Sunday, September 27, 2015

Negative Externalities


Shortcuts are not in and of themselves a bad thing. We rightly trust sources of information because who has the time or resources to latch onto all that our informed consent requires? It's the usurpation of those kinds of shortcuts against which we must guard.

Saying "both sides do it" has become, all too often, a provider of cover. Although there is a sliver of a grain of a morsel of truth to that notion, borrowing from Orwell: some sides do it more than others. And limiting the infinihedron of political positions to merely two sides is surely a "tell" in that regard, regardless of its prevalence. It provides disproportionate cover to the darkest forces within our constitutionally secured self-government.

Small wonder George Washington was the last president not under the umbrella of one political party or another. Though not actually in The Constitution, political parties have achieved the status of national tradition nonetheless.

The lesson of 2000, beyond the electoral shenanigans of Jeb!'s Florida, is that limiting ourselves to two major parties provides the greatest opportunity for triumph to both. We are not coalition builders; we are winners, taking all. Sure if you add the Nader vote to the Gore vote you get something way better than a Bush administration, but you need to file that one away with Boehner's candies and nuts.

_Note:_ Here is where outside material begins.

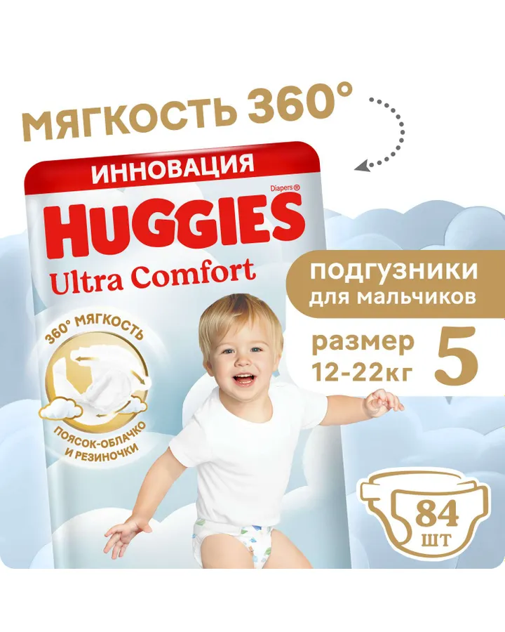 Подгузники Huggies Ultra Comfort для мальчиков 5 (12-22 кг) 84 шт.
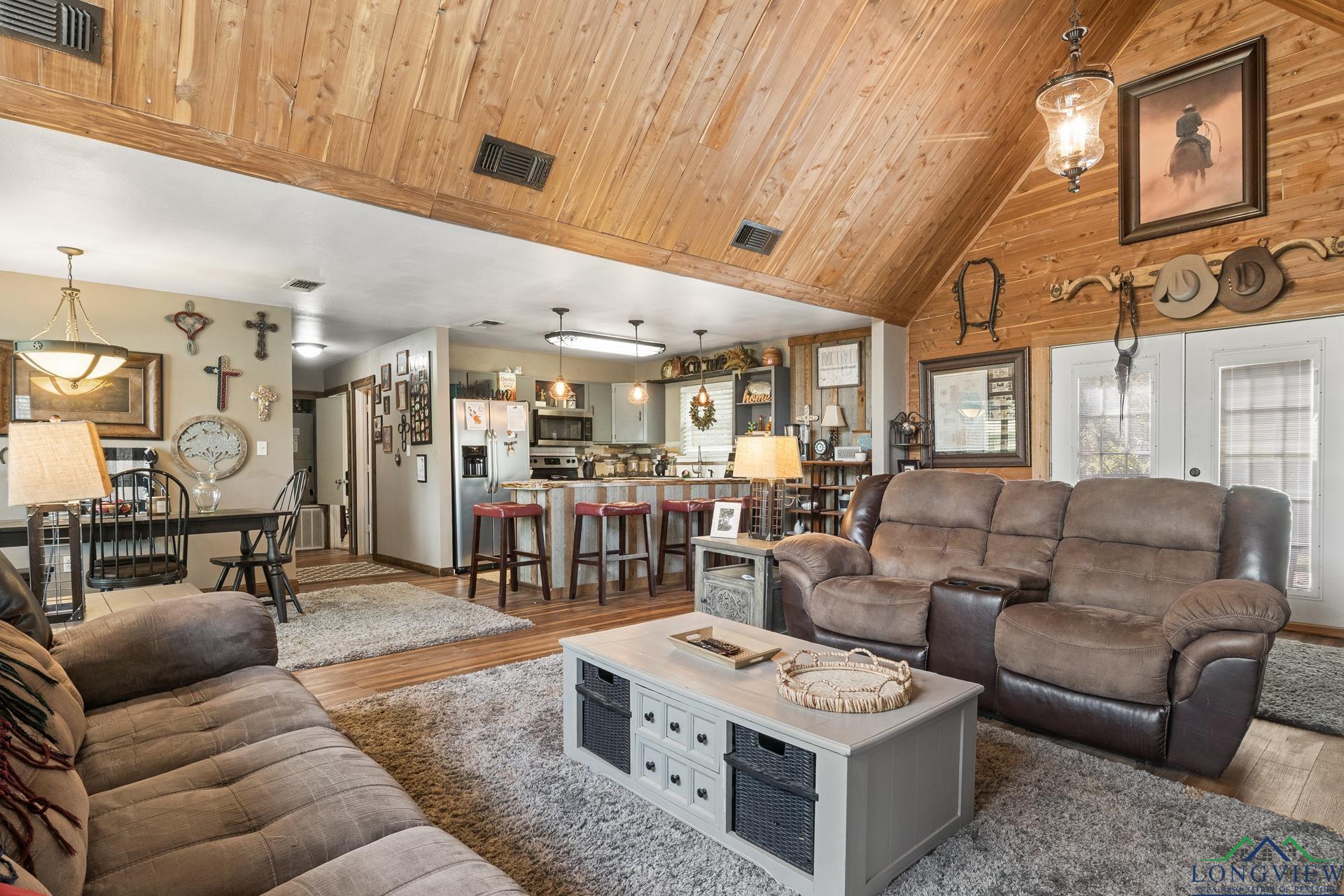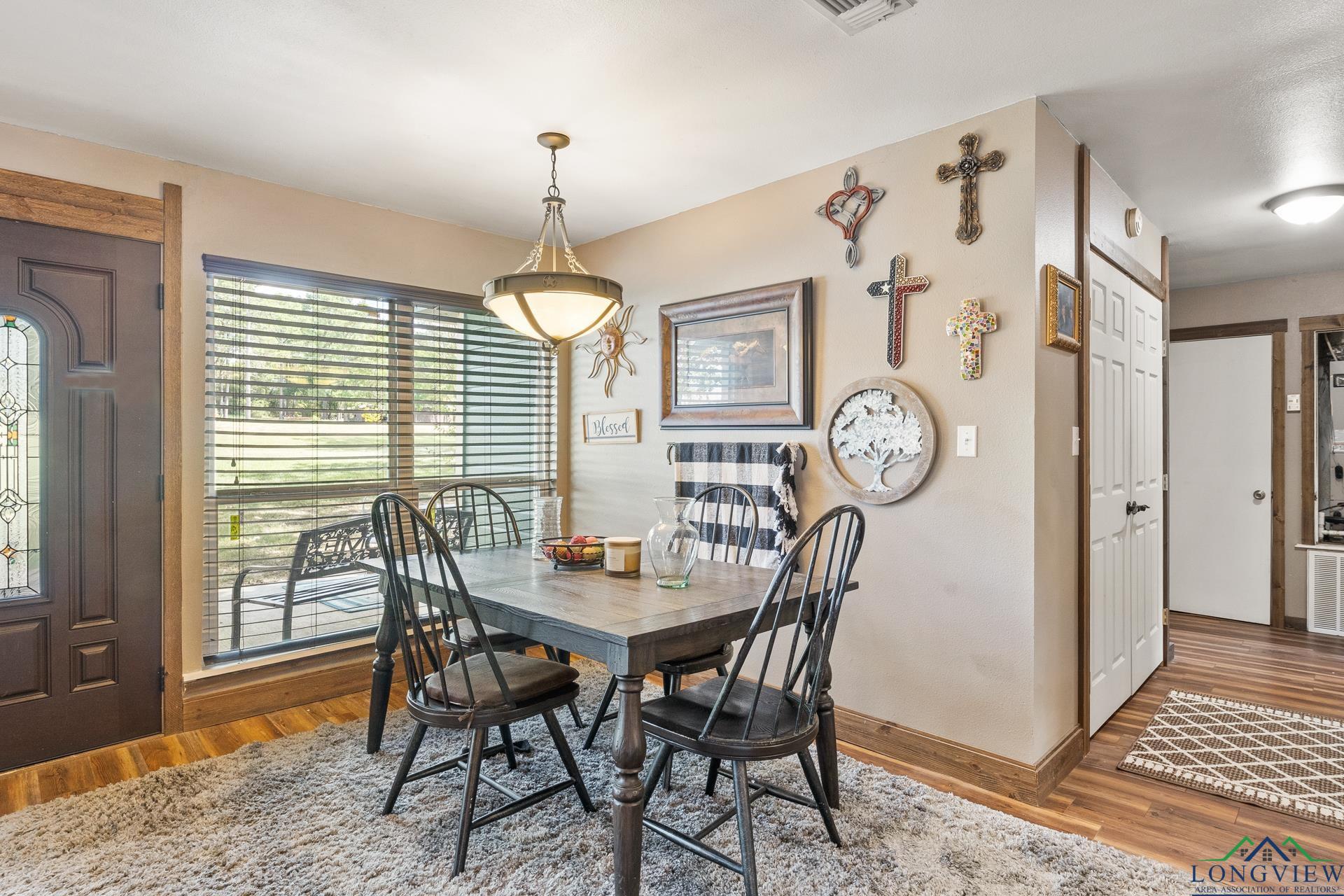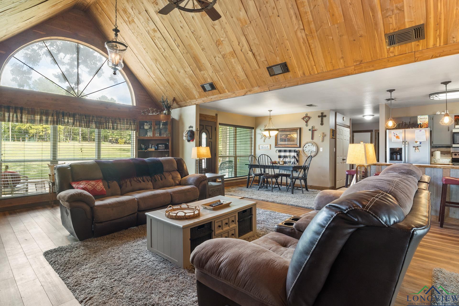 Nestled on almost 5 acres on a rural property. This versatile and well-maintained home offers the perfect blend of comfort, space, and functionality. This home has two bedrooms and two bathrooms and an attached two car garage. Step inside to find high vaulted ceilings which provides country elegance with modern charm. Seller's pride of ownership in this one-of-a-kind home includes, new HVAC system, new hot water heater, new flooring, new windows and a new patio deck in the backyard for all those cookouts and watching all that mother nature has to offer. The long concrete driveway to your front door adds to the convenience and accessibility not to mention value. Located in the highly acclaimed Chaple Hill ISD. Also close in proximity to NTCC, (Northeast Texas Community College). Within minutes of your new home, you can also enjoy the lively downtown area of Mount Pleasant where you are sure to find a variety of shops and dining. Get Your BOOTS on y'all and call and come and see what this is all about. |

The biggest downside to our modern news media is the provision of an unrelenting coziness to a press which views and asserts itself as but a forum for the "he said" along with (to be fair) a modicum of the "she said." It's like the country and western of Blues Brothers fame. Add to that the financial imperatives of the all too holy business model and presto!

Dividing the press into two factions that mimics the two parties is surrealism and way beyond the realm of irony. What has bias ever contributed to the telling of truth but what else is the purpose of the fourth estate? Eschewing bias in favor of a squishy middle ground shouldn't be worth inventing yet it has already been amply put into service by those seeking a differentiation from the obviously propagandist if only for market share.

Sure as tonight's total eclipse of a blood, super, harvest moon was knowable, tomorrow's unfounded givens will prove to be the fruits of squandering the power to debunk.


Nothing says death is final more than the inability of James Madison to effect the right combination of shaming and lightning bolts from wherever.   

"Thinking is hard. If only there were a shortcut to understanding," says that majority of Americans which squanders the greatest gift of the American Revolution and shouts "Eureka" with their page views and Arbitron numbers when they find it in all the wrong places.

To repeat, shortcuts are not in and of themselves a bad thing. But allowing bait and switch by once trusted sources of information or perpetuating unabashedly bogus derivatives aren't just lapses in vigilant citizenship. They give aid and comfort to forces which would have the whole notion of self-government fail.

An everyday term the plutocrats use when limiting their discussions to only the things that matter to them and their profits and not the universe of possibilities is "negative externalities." They only know enough about them to give strategic lip service. I'm puzzled. Where exactly would be the comfort in saying "both sides do it?"